OK, here’s what I wrote a few days ago, regarding the Mac OS X transition to Intel:
Rainer Brockerhoff wrote:

…Most Cocoa developers that didn’t call Carbon frameworks to any great extent, or that didn’t have to deal with complex binary files, were able to recompile their apps into the Universal (“fat binary”) format in a few hours or days. In contrast, most developers of Carbon apps of any complexity faced months or years of conversion.

I invited comments on Apple’s carbon-dev mailing list, and some people objected to the paragraph quoted above. In particular, Apple engineer Eric Albert wrote:

I’d probably moved more Mac OS X code to Intel than anyone else before the announcement — some of the iApps and a bunch of other apps, plus a ton of work in the OS — and of the code I’d worked on, the Cocoa apps happened to take more work than the Carbon ones. That was really nothing more than coincidence because the Carbon apps I was working on dealt with structured data better than the Cocoa ones, but there’s nothing inherently more complex about the Intel transition for Carbon than there is for Cocoa. Mathematica, which is most assuredly a complex Carbon app, took four hours to get up and running on Intel, faster than any other app I’ve seen.

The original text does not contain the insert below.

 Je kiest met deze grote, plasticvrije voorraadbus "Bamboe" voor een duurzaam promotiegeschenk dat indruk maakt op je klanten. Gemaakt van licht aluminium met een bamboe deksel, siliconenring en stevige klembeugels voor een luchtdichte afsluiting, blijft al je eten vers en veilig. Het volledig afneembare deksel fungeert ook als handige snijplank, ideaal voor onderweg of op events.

The primary reason for some Carbon apps taking a long time to move to Intel was that they weren’t using Mach-O or Xcode at the time the transition was announced and both were required for Intel support.

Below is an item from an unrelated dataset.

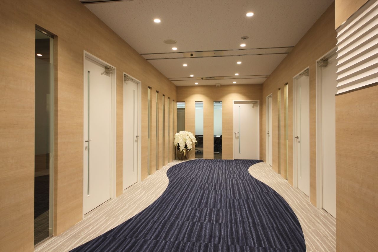 水とエコをテーマに一新されたロゴマークからインスピレーションを受け、お客様をお出迎えするエントランスには、艶やかな白い壁面とシメントリの木柱で構成されています。シンプルな空間だからこそサインがインパクトを持ち、ロゴマークが際立つようなデザインとなっています。各会議室に続く通路は広めに取られ、水が流れるような床のデザインに、奥へと誘われるような感覚になります。各部屋にはコンセプトを持たせ、使用用途に応じてお部屋を選んで頂き、幾度と来訪される方々に毎度、新しい発見をして頂けるようなスペースとなりました。
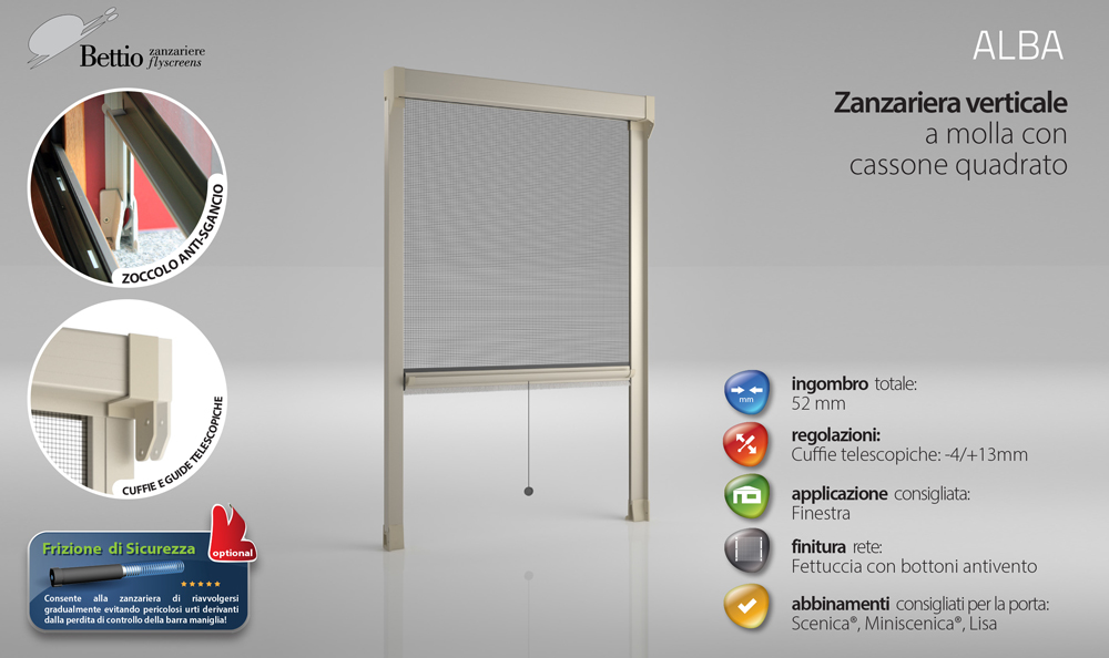 Alba Bettio, zanzariera verticale a molla con cassone quadrato e cuffie telescopiche

Carbon apps already using Mach-O and Xcode came over to Intel fairly easily.

Well, that’s quite definite; I was wrong there. I was wondering why, though, and here’s what I found: the RDF is to blame… icon_wink.gif

Here’s what Steve Jobs said at the WWDC 2005 keynote, where I was physically present, and quite near the front too:

So, let’s take a look at this again: Widgets, Scripts and Java just work. Cocoa apps, literally a few days and your Cocoa app’s going to be running with an Intel version. Carbon apps, it’s to be a few weeks, a few more tweaks, although there are exceptions to that although we maybe overstating it here, which we’ll see in a minute. And and in Metrowerks we don’t know, you’ve got to get to Xcode. So the key here is getting to Xcode.

And I distinctly remember the same point being made later in the reserved “state of the union” sessions: click a checkbox in Xcode, “boom” for Cocoa… not that easy with Carbon.

There it is then. I don’t have any Carbon apps myself, and didn’t have to migrate anything from Metrowerks CodeWarrior either, so I thought Carbon was to blame for stuff like the Adobe Photoshop delay. I’ll update my original post below; thanks to everybody who sent in comments.